The thickness of the upper low carrier concentration layer is set to 2
In the case of 0 nm to 500 nm, a sufficient improvement effect was recognized, and it was also confirmed that a special process was not required to make ohmic contact with the conductive layer as compared with the conventional process.

As described above, in the Hall element of the present invention, the conductive layer structure of the magnetic sensing portion is formed by two or more conductive layers having different carrier concentrations formed on a semi-insulating GaAs crystal substrate.
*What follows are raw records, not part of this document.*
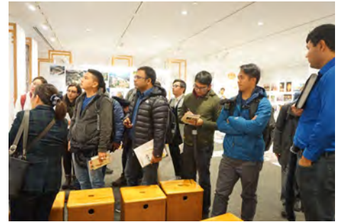
Yamakoshi Revitalization Center Orataru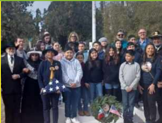
14 Mayor's Corner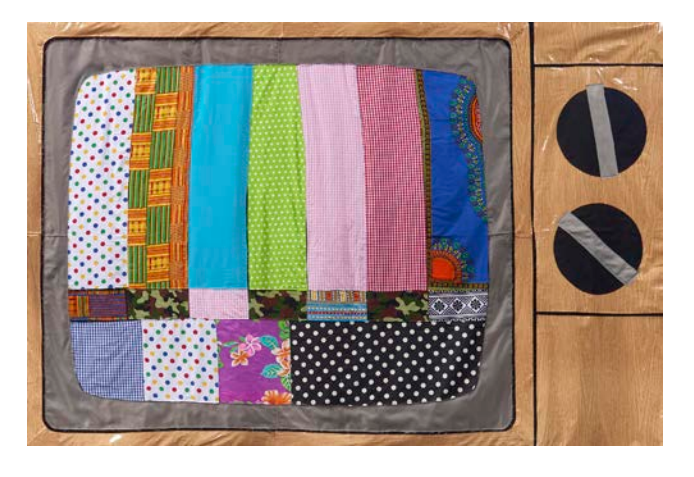
Derrick Adams Fabrication Station #4 2016, fabric collage, 48" x 108". Courtesy the artist and Vigo Gallery, London.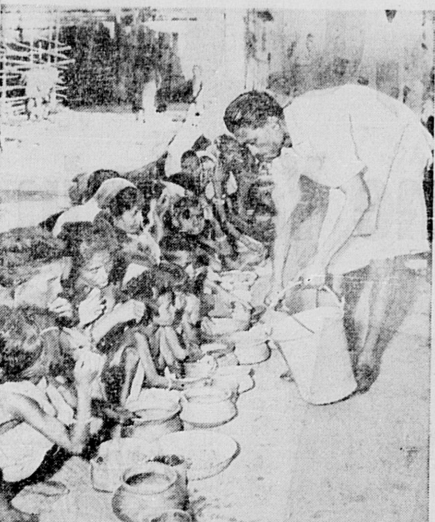
Starving Indians in Calcutta greedily thrust food into their mouths, as they fed on sidewalk. Homeless army of 100,000 roamed the city, while an estimated 1,000,000 more died of starvation.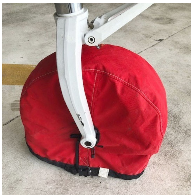
Beech King Air 300 Tire Covers (nose gear)

ALL-YEAR USE MATERIAL - Made with Silver Acrylic Sunbrella canvas, the all-year use material is the best option for sun protection and cover longevity. This heavier more durable material is intended for all weather conditions, such as rain and snow or lots of sun.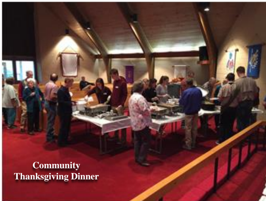
Community Thanksgiving Dinner

Can form a lower conductive layer in which carriers are substantially present, at a position deeper than the GaAs crystal surface, and reduce fluctuations in carrier concentration due to fluctuations in surface potential and stress generated on the surface. can do.

For this reason, the input / output resistance, the product sensitivity, and the like can be stabilized for a long period of time, and the device can be used as a main component of an electric measurement device for measuring current, power, and the like.

[0037]

As is apparent from the above description,
According to the present invention, the following excellent effects are exhibited.

(1) Hall element characteristics such as input / output resistance and product sensitivity can be stabilized with high accuracy over a long period of time.

(2) It can be used as a main component of an electric measuring device for measuring current, electric power, etc.

[Brief description of the drawings]

FIG. 1 is a plan view showing a preferred embodiment of the present invention and a cross section taken along the line XX.

FIG. 2 is a plan view of a conventional Hall element and a cross section taken along line YY.

[Explanation of symbols]

 DESCRIPTION OF SYMBOLS 1 Hall element 2 GaAs crystal substrate 3 Lower conductive layer 4 Upper conductive layer 5 Insulating layer 6 Electrode part

Claims (4)

[Claims] In a Hall element having a magnetically sensitive portion formed on a semi-insulating GaAs crystal substrate, a conductive layer structure of the magnetically sensitive portion is formed by two or more layers formed on a semi-insulating GaAs crystal substrate and having different carrier concentrations. Wherein the carrier concentration of the upper conductive layer is lower than the carrier concentration of the lower conductive layer. 2. The carrier concentration of the upper conductive layer is 5 × 10 ¹⁵ / cm ³ to 1 × 10 ¹⁷ / cm ³ for n-type,
The carrier concentration of the lower conductive layer is 1 × 10 ¹⁶ /
2. The Hall element according to claim 1, wherein the Hall element has a density of cm ^{3 to} 5 × 10 ¹⁷ / cm ³ . 3. The thickness of the upper conductive layer is 20 nm to 500 nm.
The Hall element according to claim 1, wherein the diameter is in nm. 4. The sheet resistance of the conductive layer is 200Ω or less at room temperature.
The Hall element according to claim 1, wherein the Hall element has a resistance of 3 kΩ.